The number-crunching part of the project was not without its difficulties. “The biggest problem we addressed was the idea of how the nurses were actually drawing the blood. There was no nursing module that collected that data,” Dr. Phelan said. “From a research point of view, that was very difficult, because it was only free text. So we had to build a nursing module that easily collected the data with radio dials—you know, where they drew the blood, what kind of equipment they used—and it had to be easy for them to use. So using our nursing colleagues to help develop a nursing module that would help us identify how the labs were drawn was critical.”
During and after all of this analysis, Dr. Phelan, Dr. Reineks, and their team worked to educate nurses and medics about hemolysis. Dr. Phelan’s takeaway? “Working on preanalytical processes had far more impact than education alone,” he said. Still, education was important in getting the team geared up to talk about what hemolysis is and what the causes are. “There was some reduction with education, but [there was] a real significant reduction with the small-volume, small vacuum tubes.”
As for what the team would like to have done differently or would like to do in the future, Dr. Phelan said, “Getting data on our 12 EDs and what their hemolysis rates are, trying to get the message across about small tubes—that takes time and resources, which are in short supply.”

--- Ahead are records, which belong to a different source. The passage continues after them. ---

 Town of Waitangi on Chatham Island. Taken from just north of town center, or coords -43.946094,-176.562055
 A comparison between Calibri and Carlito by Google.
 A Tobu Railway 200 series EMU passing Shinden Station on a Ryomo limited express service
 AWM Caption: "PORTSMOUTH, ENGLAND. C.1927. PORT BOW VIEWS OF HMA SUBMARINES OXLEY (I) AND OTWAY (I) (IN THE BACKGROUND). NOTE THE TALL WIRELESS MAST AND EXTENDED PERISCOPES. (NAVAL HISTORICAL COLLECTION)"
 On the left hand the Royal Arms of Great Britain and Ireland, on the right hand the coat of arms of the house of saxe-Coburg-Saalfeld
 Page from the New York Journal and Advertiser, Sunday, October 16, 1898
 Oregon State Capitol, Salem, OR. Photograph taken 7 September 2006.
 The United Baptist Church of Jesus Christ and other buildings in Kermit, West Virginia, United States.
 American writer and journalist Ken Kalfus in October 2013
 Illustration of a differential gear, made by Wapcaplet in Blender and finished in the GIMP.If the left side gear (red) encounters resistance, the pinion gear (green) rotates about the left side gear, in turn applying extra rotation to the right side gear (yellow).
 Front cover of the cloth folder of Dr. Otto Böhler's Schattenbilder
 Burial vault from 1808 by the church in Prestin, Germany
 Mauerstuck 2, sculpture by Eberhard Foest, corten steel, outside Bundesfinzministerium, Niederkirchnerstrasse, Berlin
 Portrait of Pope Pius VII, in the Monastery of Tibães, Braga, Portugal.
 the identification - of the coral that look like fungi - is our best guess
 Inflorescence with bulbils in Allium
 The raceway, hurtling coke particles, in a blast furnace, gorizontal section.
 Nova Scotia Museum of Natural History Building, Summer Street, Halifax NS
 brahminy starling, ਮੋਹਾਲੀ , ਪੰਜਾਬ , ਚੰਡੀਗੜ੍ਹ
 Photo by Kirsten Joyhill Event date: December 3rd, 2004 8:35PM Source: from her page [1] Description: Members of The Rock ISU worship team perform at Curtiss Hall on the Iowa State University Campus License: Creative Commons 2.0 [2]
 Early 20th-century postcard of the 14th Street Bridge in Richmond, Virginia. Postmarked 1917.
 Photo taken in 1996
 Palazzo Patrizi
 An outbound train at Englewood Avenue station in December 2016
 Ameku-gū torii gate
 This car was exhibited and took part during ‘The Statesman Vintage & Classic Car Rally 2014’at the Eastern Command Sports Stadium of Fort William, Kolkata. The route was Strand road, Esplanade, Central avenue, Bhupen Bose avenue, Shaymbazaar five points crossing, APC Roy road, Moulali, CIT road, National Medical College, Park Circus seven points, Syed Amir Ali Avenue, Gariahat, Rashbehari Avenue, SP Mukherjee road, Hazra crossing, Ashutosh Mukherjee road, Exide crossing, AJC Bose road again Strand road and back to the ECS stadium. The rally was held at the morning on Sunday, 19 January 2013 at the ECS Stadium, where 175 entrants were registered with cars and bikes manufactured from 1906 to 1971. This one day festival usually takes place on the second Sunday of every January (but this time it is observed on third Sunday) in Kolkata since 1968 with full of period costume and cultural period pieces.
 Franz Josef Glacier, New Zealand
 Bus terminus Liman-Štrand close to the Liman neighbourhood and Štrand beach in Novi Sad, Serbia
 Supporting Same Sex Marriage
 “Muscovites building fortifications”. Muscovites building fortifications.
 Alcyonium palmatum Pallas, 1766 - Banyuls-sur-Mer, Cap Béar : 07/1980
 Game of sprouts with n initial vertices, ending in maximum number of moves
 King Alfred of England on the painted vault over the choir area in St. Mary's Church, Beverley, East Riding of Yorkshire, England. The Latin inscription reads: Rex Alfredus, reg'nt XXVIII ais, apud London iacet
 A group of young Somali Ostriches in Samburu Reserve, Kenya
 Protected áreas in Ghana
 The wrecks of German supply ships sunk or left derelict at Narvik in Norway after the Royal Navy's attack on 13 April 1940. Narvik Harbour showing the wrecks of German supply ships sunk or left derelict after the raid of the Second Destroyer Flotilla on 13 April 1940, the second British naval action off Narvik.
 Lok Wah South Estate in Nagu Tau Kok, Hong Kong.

His focus now has been trying to get a National Quality Forum measure developed for trial use. “We submitted a trial use measure on ED hemolysis, and I’ve got to walk it through that process, because I think in order to make it impactful, it’s got to be more than coming from a single researcher on our main campus. It has to be something that everyone in the country follows. If there was a national quality metric endorsed by NQF on the topic of ED hemolysis, I think I’d get more traction than just trying to individually go to each of these hospitals to impact our practice.”
[hr]
Anne Ford is a writer in Evanston, Ill.